Assignment 1: warm-up

The goal of this assignment is to learn/review python and ipynb. Python is a popular programming language, and also interfaced for several machine learning libraries, such as scikit-learn, Theano, and TensorFlow. Ipynb is a digital notebook format that allows flexible incorporation of a variety of information, such as code (e.g. python), data, text (e.g. markdown, html, and Latex), images (common raster/vector graphics formats such as jpg and svg), and video (e.g. youtube). We can also run code and experiments directly inside ipynbs. Thus, we will use ipynb for all assignments in this class.

Sorting

As a starting exercise, let's try to implement a sorting function via python. The input to the function is a python array consisting of an arbitrary sequence of numbers. The output is a sorted sequence with numbers ranging from small to large. The code stub, along with the test driver, are shown below.

There are various algorithms for sorting with different time complexities with respect to the array size $N$, e.g. $O(N^2)$ for bubble sort and $O(Nlog(N))$ for quick sort. You can choose any algorithm to implement, as long as it produces correct results with reasonable run-time.

Please submit a single ipynb file, consisting of python code in a code cell and descriptions (including algorithm and analysis of complexity) in a markdown cell. You can use this ipynb as a start, or create your own.

Code (20 points)

Please implement your algorithm via the function below.



In [1]:

    
# the function
def sort(values):
    # insert your code here
    return values



In [2]:

    
# test
import numpy as np

def test(values):
    sort(values)

    correct = True
    for index in range(1, len(values)):
        if(values[index-1] > values[index]):
            correct = False
        
    print('Correct? ' + str(correct))



In [3]:

    
# different random seed
np.random.seed()

# the TA will vary the input array size and content during testing
N = 10
values = np.random.random([N])

test(values)









    



Correct? False

Line fitting

Given a set of data points $\left(\mathbf{X}, \mathbf{Y}\right)$, fit a model curve to describe their relationship.

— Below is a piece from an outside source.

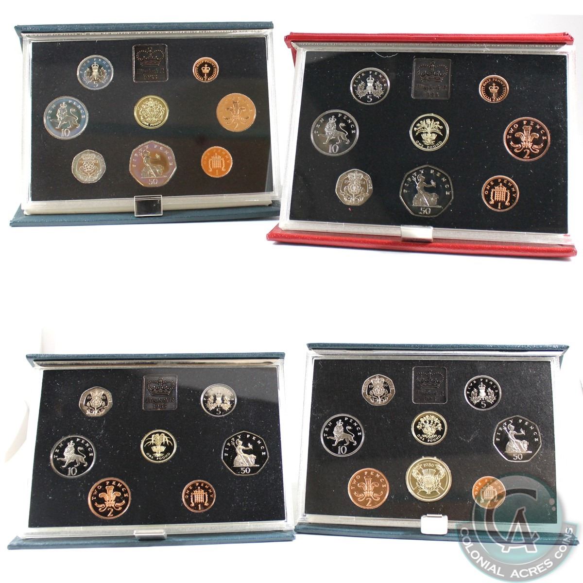 1983-1986 United Kingdom Proof Set Collection. You will receive each Set released between 1983 and 1986. Coins come housed in Original Mint Packaging. Please note coins may contain faint toning. 4pcs.

This is actually a regression problem, but we have all seen this in prior math/coding classes to serve as a good example for machine learning.

Recall $\mathbf{Y} = f(\mathbf{X}, \Theta)$ is our model.

For 2D linear curve fitting, the model is a straight line: $y = w_1 x + w_0$, so the parameters $\Theta = \{w_0, w_1\}$.

The loss function is $L\left(\mathbf{X}, \mathbf{T}, \mathbf{Y}\right) = \sum_i \left( T^{(i)} - Y^{(i)}\right)^2 = \sum_i \left( T^{(i)} - w_1 X^{(i)} - w_0 \right)^2$.
($\mathbf{X}$ is a matrix/tensor, and each data sample is a row. We denote the ith sample/row as $\mathbf{X}^{(i)}$.)

For this simple example we don't care about regularization, thus $P(\Theta) = 0$.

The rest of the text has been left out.